| What is expected |
Drop every picture. Then return, exactly, the lines from the beginning of the listing below through the one containing "Serene Sunrise: Mist-Shrouded".

| Entries supplied |
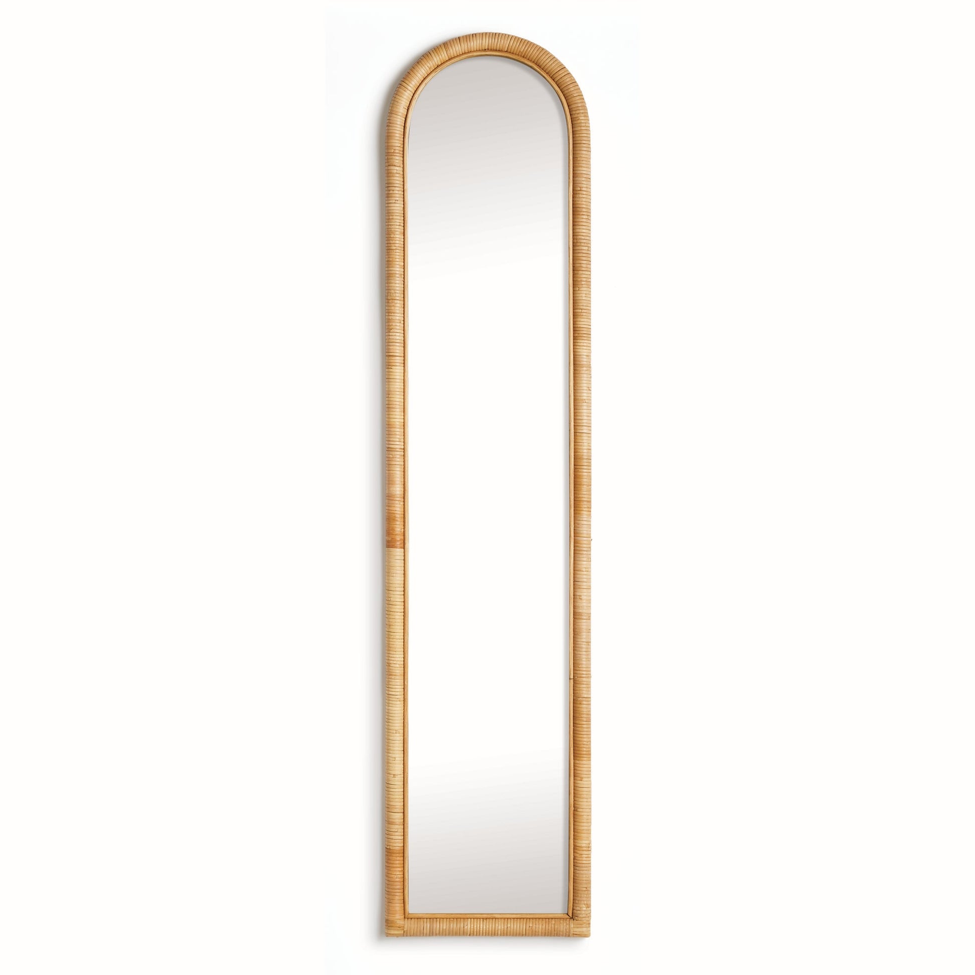 This rattan wrapped floor mirror with an arch design is a casual accent for the home or office. A dynamic look for entry, hallway or even primary closet.
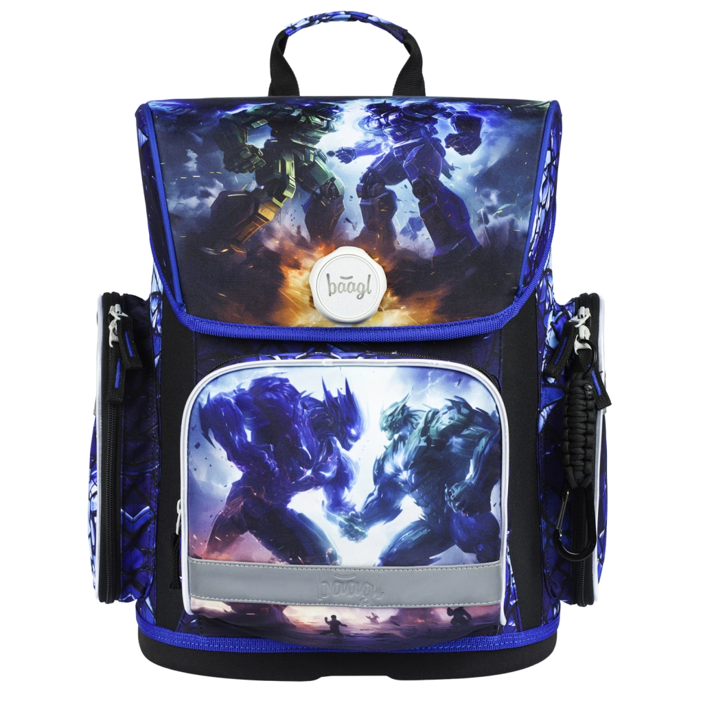 De BAAGL schoolset Robots biedt kinderen alles wat ze nodig hebben voor school en clubjes – in een uniforme look met een robotgevecht-motief. Het hoofditem is een stevige, lichte en ergonomische schooltas met het verstelbare ERGO ADJUSTABLE SYSTEM, die meegroeit met het kind en helpt het gewicht correct te verdelen. De magnetische Fidlock-sluiting maakt bliksemsnel openen en automatisch sluiten mogelijk.
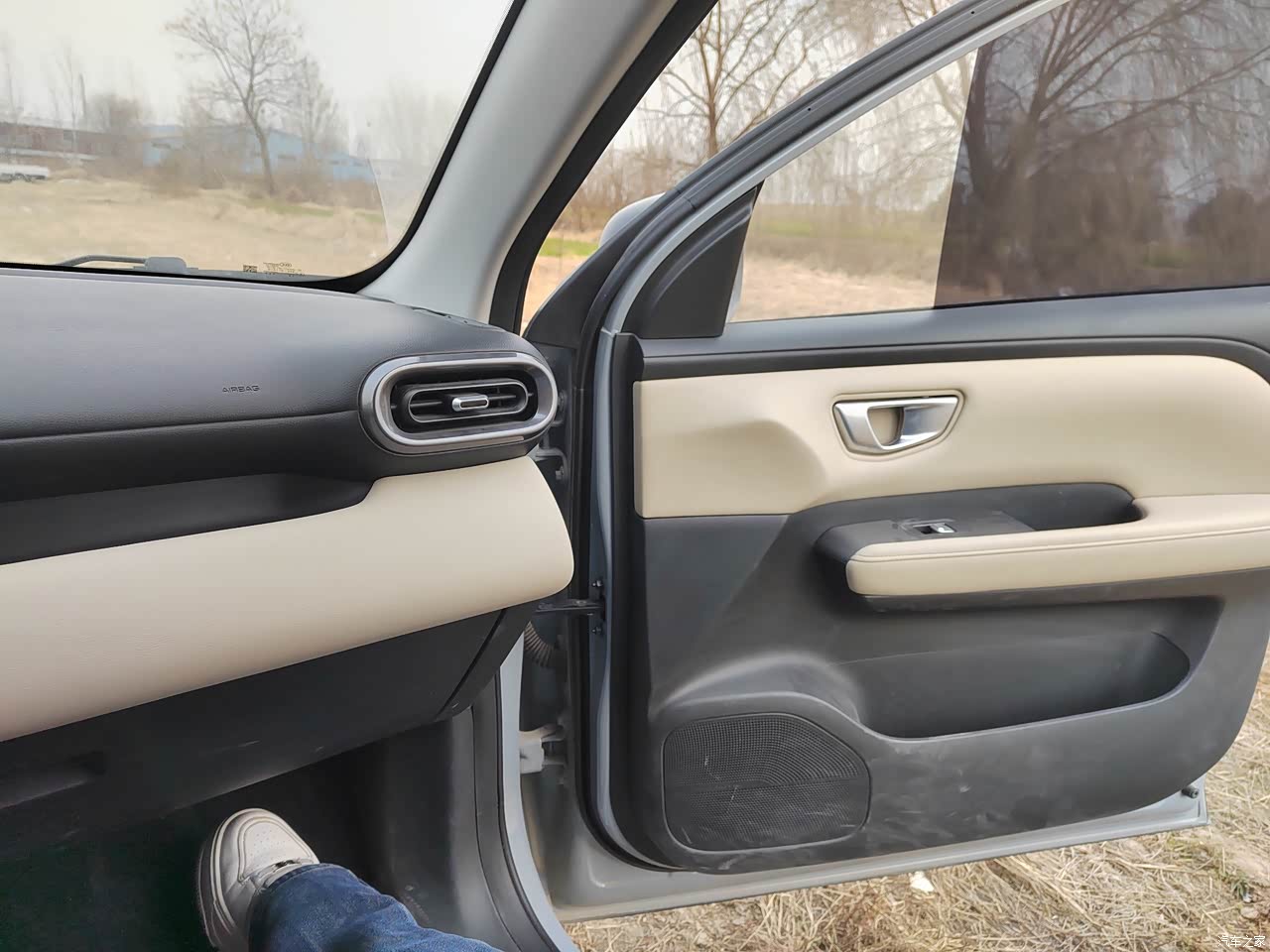 我就是一个特别简单的人,所以就不喜欢有特别复杂的东西。冰果的内饰还行,整个的话就是一个黑白套色的内饰座椅和这个扶手都是白色的,然后车的前排我看上面仪表台是黑色的,下面也是一个米白的内饰的一个皮质包裹,坐进去的感觉就是非常的明亮,也没有任何的异味,这就说明它的内饰的质量还是过关的。
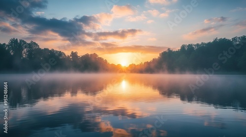 Serene Sunrise: Mist-Shrouded Lake Reflections
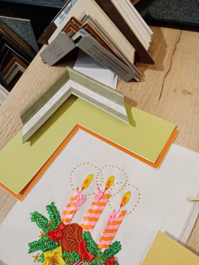 Особенно интересен мне был багет! С удовольствием увидела, как здорово оформляют картины, как увеличивают расстояние от работы до стекла, как выглядит безбликовое стекло. Заодно и свою вышивку отдала тут же в оформление!
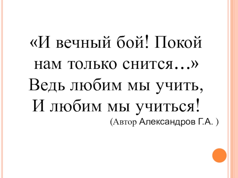 «И вечный бой! Покой нам только снится…»Ведь любим мы учить, И любим мы учиться!(Автор Александров Г.А. )
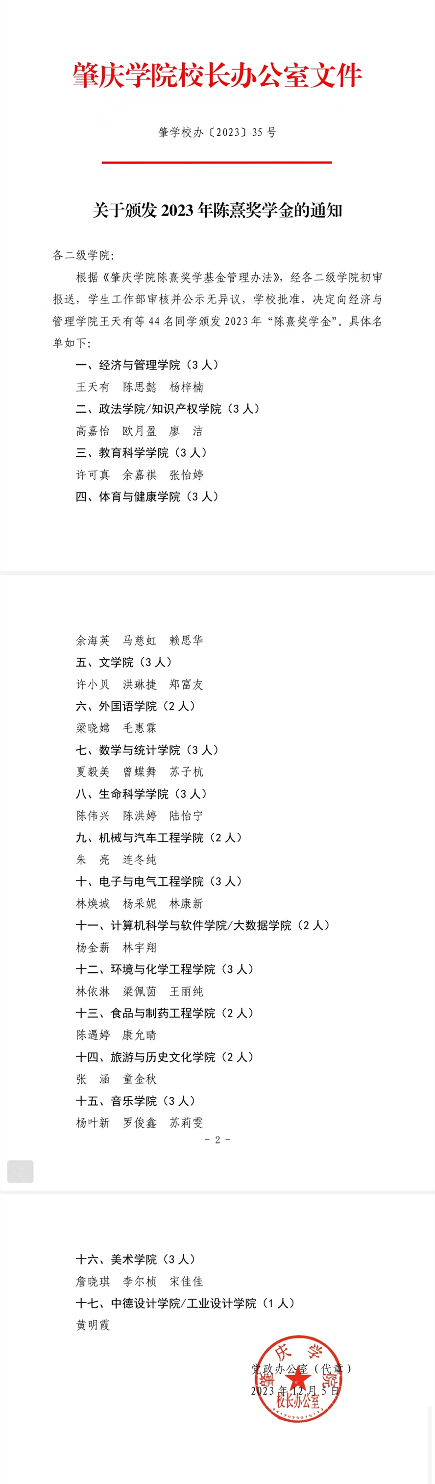获奖名单见校办(2023)35号文《关于颁发2023年陈熹奖学金的通知》
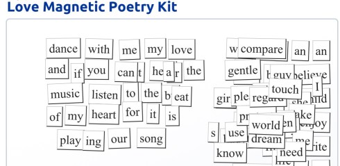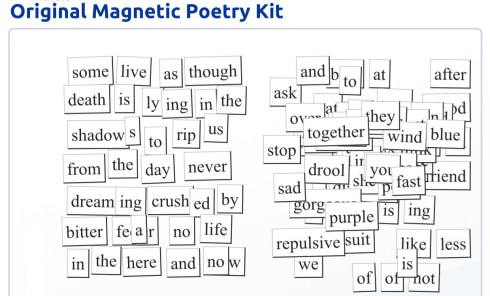 A collection of poems using the Nature, Poet, Love, and Original kits found at Magnetic Poetry Online.
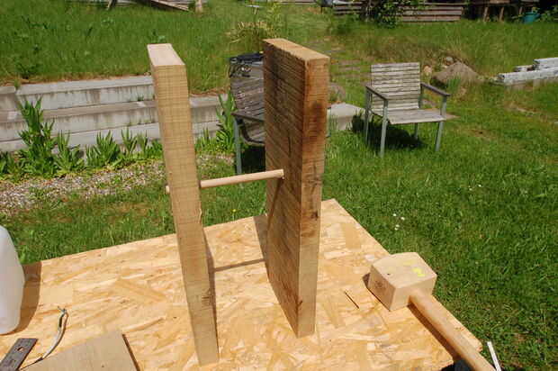 Taladre agujeros de 15 mm en el timberparts vertical y poner el poste de 15 mm en los agujeros.
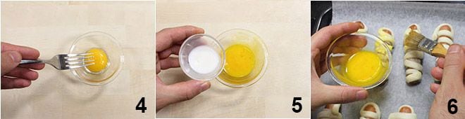 À part, battez le jaune d'œuf dans un petit bol avec une fourchette 4, ajoutez le lait 5 et badigeonnez le mélange obtenu sur chaque momie 6.
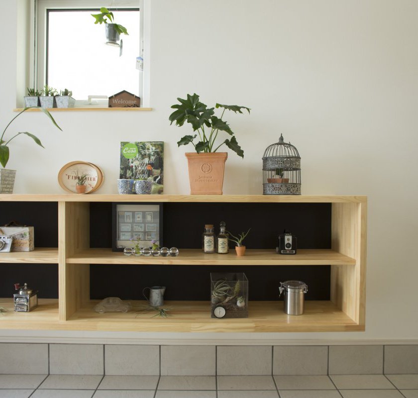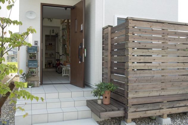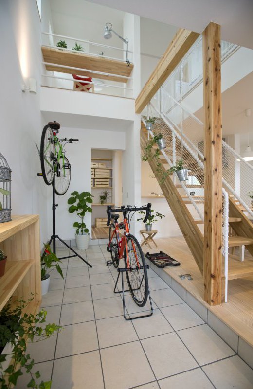 緑と調和するナチュラルな色使いの玄関には大好きなインテリアグリーンを飾りました。玄関からすぐのリビング階段は2階と自然につながり「ただいま」も「おかえり」の声が弾みます。広めに設けたスペースにはアウトドアな趣味との相性もピッタリ。
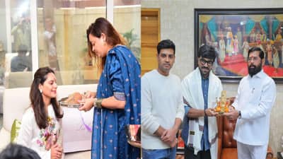 फोटोंमध्ये एकनाथ शिंदे राम चरणा याचे गुलगस्ता आणि शाल देऊन स्वागत करताना दिसत आहेत. एवढंच नाही तर, मुख्यमंत्री यांनी पाहुण्यांना गणपतीची मुर्ती देखील दिली. त्याचवेळी एकनाथ शिंदे यांच्या सुनेने उपासना कामिनेनी हिचं हिंदू पद्धतीत स्वागत केलं.
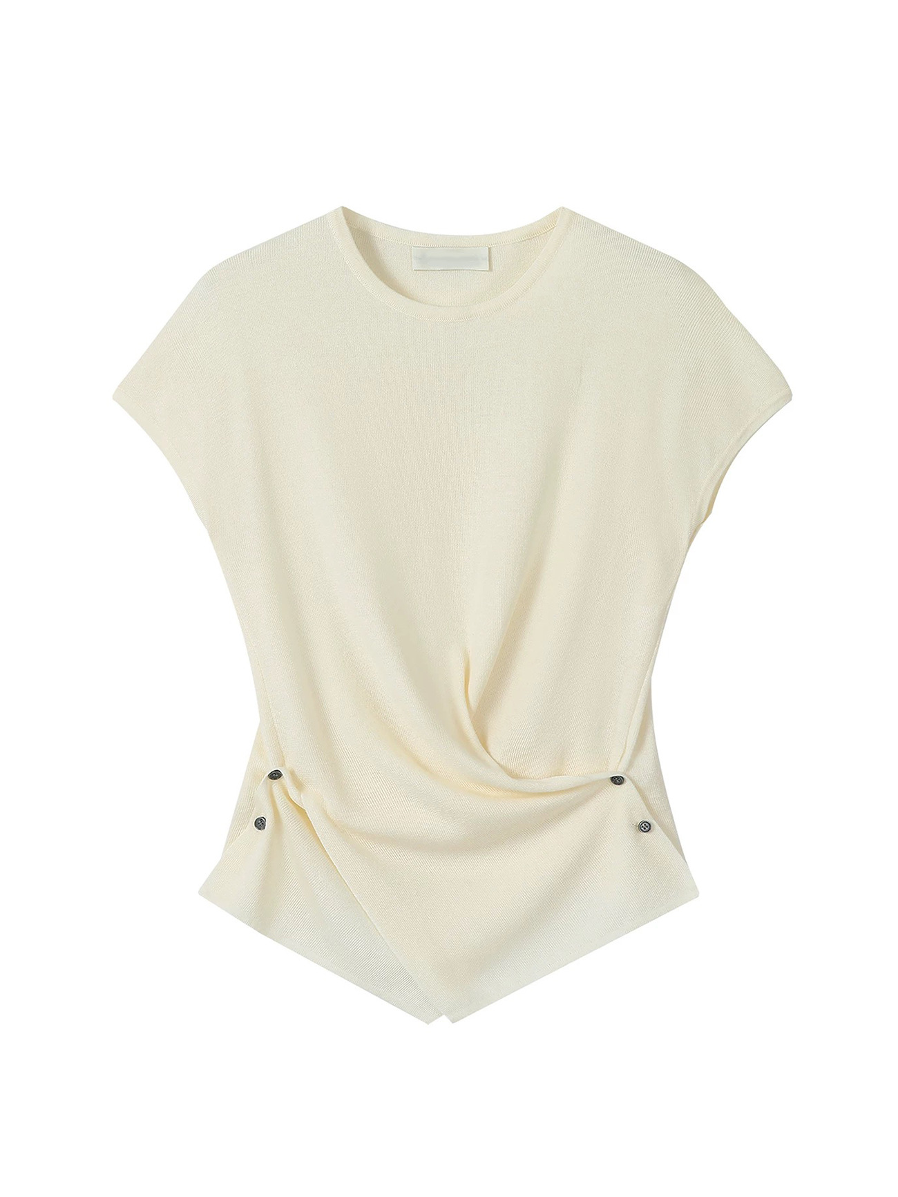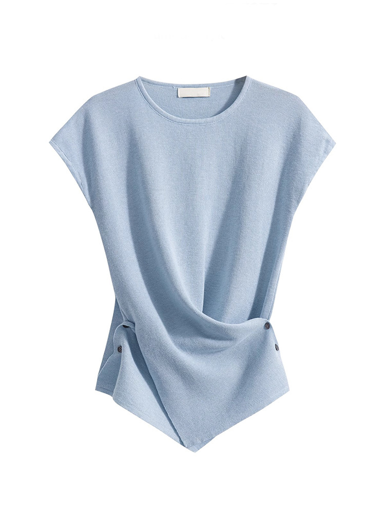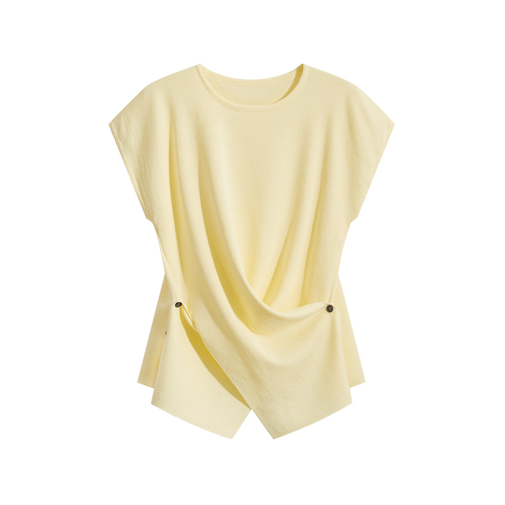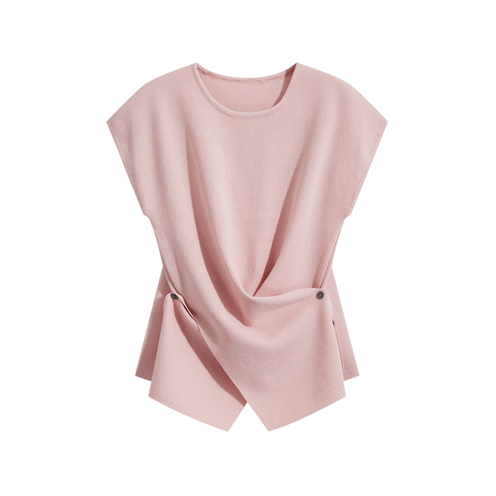The Women's Twist-Front Knitted Top from T&B Fashion Group is a chic and contemporary piece that combines comfort with a unique design. Featuring a twist-front detail with buttons and short sleeves, this top is perfect for adding a touch of elegance to your everyday wardrobe. Made from soft, breathable fabric, it ensures all-day comfort and style.
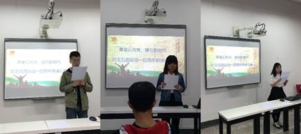 黄家豪、郭明蕊两位团支书以“伟大的五四运动与五四精神”为主题讲授团课,带领同学们回顾五四爱国运动历史,讲解以“爱国、进步、民主、科学”为核心的五四精神,强调了作为新时代的青年,大家应当肩负起新的使命与责任,要为实现中国梦而贡献自己的力量。
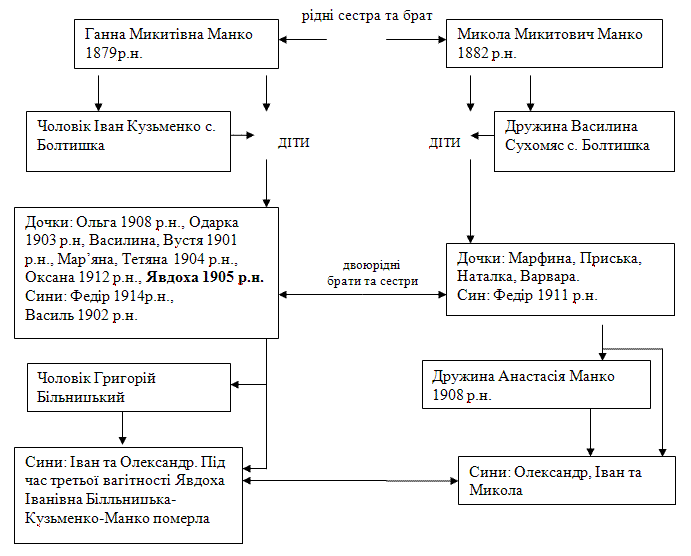 Зазначу, що ми, діти Федора та Анастасії Манко, жодного разу не зустрічалися із двоюрідними тітками, зокрема Кузьменко (Манко) Явдохою Іванівною, а щодо дядьків, то знаний нами був лише контужений під час Харківської операції в другій світовій війні Василь Іванович, який часто заходив до нас в гості в село Потоки. Якби не його візити, то ми б не знали взагалі нікого. Другий двоюрідний дядько Федір чи Алфей працював вчителем, служив моряком на Балтійському флоті, де його застала війна і під час одного із боїв він загинув.
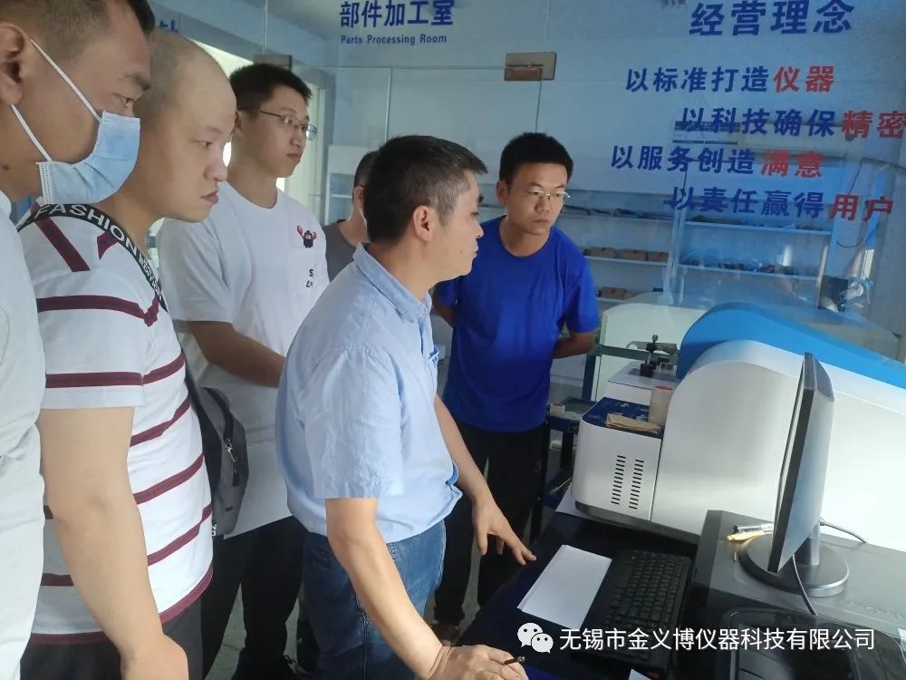 實訓期間,金義博檢測公司總經理韋秀兵和金義博儀器公司主任葉春暉帶領著江蘇省理化人員資格培訓班的學員們參觀了金義博儀器科技有限公司的全線產品,接著帶領學員參觀了我公司的光譜儀、檢測中心以及紅外碳硫車間,對相關的產品、技術等進行了詳細的了解和實踐。

| Response area |
 This rattan wrapped floor mirror with an arch design is a casual accent for the home or office. A dynamic look for entry, hallway or even primary closet.
 De BAAGL schoolset Robots biedt kinderen alles wat ze nodig hebben voor school en clubjes – in een uniforme look met een robotgevecht-motief. Het hoofditem is een stevige, lichte en ergonomische schooltas met het verstelbare ERGO ADJUSTABLE SYSTEM, die meegroeit met het kind en helpt het gewicht correct te verdelen. De magnetische Fidlock-sluiting maakt bliksemsnel openen en automatisch sluiten mogelijk.
 我就是一个特别简单的人,所以就不喜欢有特别复杂的东西。冰果的内饰还行,整个的话就是一个黑白套色的内饰座椅和这个扶手都是白色的,然后车的前排我看上面仪表台是黑色的,下面也是一个米白的内饰的一个皮质包裹,坐进去的感觉就是非常的明亮,也没有任何的异味,这就说明它的内饰的质量还是过关的。
 Serene Sunrise: Mist-Shrouded Lake Reflections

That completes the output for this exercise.